→ **The records**
---

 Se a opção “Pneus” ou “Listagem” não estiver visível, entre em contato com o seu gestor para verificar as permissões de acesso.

---

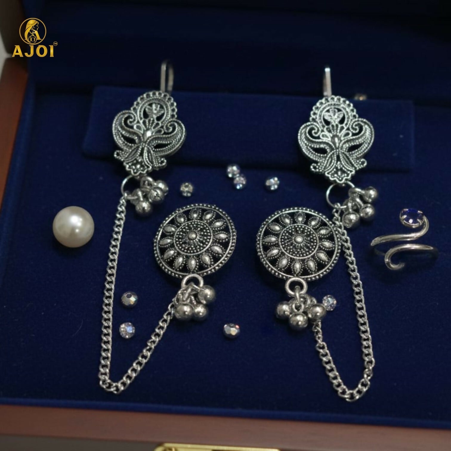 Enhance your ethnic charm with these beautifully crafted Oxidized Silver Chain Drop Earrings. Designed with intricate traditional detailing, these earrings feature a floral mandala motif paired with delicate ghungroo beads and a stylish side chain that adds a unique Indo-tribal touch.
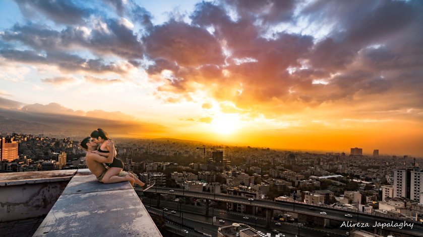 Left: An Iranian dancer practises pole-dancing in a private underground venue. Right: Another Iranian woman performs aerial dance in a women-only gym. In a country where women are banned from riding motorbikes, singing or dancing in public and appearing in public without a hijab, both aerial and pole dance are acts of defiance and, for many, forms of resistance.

---

→ **Activity**
Quote word for word only the lines above from the one containing "Enhance your ethnic" through the one containing "Left: An Iranian". Pictures stay out of your copy.

→ **Written answer**
 Enhance your ethnic charm with these beautifully crafted Oxidized Silver Chain Drop Earrings. Designed with intricate traditional detailing, these earrings feature a floral mandala motif paired with delicate ghungroo beads and a stylish side chain that adds a unique Indo-tribal touch.
 Left: An Iranian dancer practises pole-dancing in a private underground venue. Right: Another Iranian woman performs aerial dance in a women-only gym. In a country where women are banned from riding motorbikes, singing or dancing in public and appearing in public without a hijab, both aerial and pole dance are acts of defiance and, for many, forms of resistance.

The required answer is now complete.